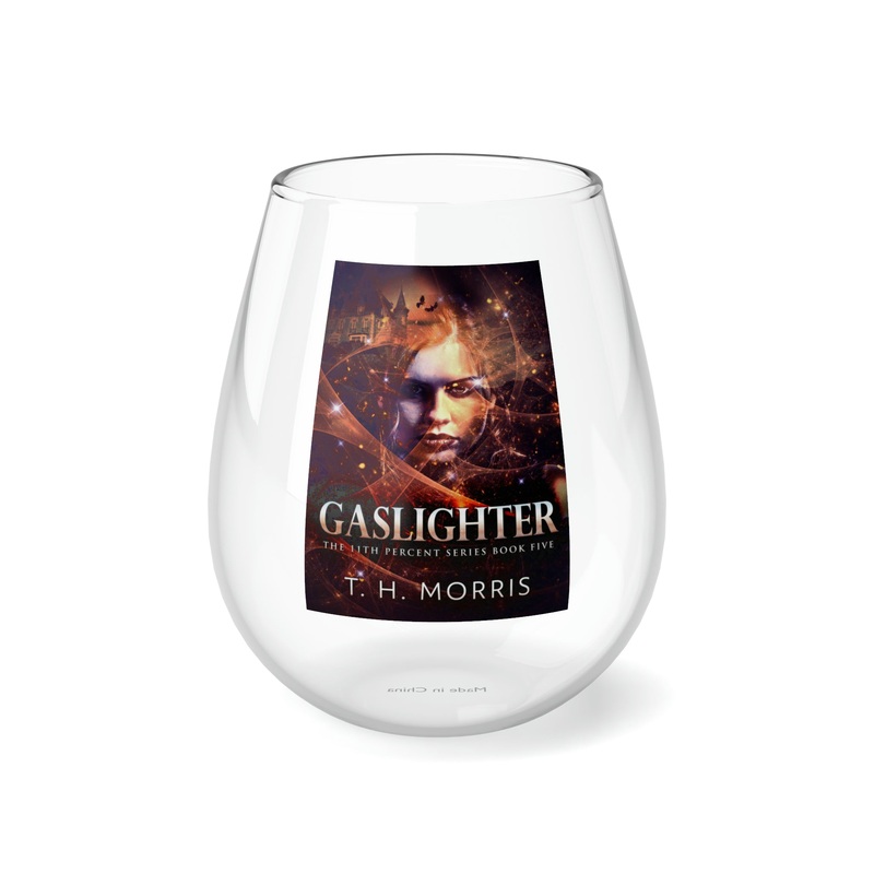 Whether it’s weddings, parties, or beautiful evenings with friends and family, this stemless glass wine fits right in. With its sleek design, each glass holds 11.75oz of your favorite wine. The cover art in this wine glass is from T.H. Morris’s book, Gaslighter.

───

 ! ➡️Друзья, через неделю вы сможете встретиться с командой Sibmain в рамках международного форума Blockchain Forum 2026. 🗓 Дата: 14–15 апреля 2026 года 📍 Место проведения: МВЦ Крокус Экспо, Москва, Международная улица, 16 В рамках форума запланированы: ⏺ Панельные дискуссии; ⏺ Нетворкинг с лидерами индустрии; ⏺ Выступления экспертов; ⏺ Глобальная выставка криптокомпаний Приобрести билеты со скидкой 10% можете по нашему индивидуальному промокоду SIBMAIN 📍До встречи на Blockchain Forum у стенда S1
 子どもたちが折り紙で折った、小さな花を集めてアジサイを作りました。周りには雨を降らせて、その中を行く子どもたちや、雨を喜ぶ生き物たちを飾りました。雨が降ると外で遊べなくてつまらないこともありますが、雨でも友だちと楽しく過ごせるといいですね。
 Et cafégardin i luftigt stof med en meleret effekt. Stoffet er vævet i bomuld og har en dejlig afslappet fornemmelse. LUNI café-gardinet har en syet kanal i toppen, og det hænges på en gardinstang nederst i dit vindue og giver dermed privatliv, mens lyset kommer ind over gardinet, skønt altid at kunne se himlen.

───

= What you should do =
Return, with no change at all, every line in the entries above from the line containing "子どもたちが折り紙で折った、" through the line containing "Et cafégardin i".

= Response to the exercise =
 子どもたちが折り紙で折った、小さな花を集めてアジサイを作りました。周りには雨を降らせて、その中を行く子どもたちや、雨を喜ぶ生き物たちを飾りました。雨が降ると外で遊べなくてつまらないこともありますが、雨でも友だちと楽しく過ごせるといいですね。
 Et cafégardin i luftigt stof med en meleret effekt. Stoffet er vævet i bomuld og har en dejlig afslappet fornemmelse. LUNI café-gardinet har en syet kanal i toppen, og det hænges på en gardinstang nederst i dit vindue og giver dermed privatliv, mens lyset kommer ind over gardinet, skønt altid at kunne se himlen.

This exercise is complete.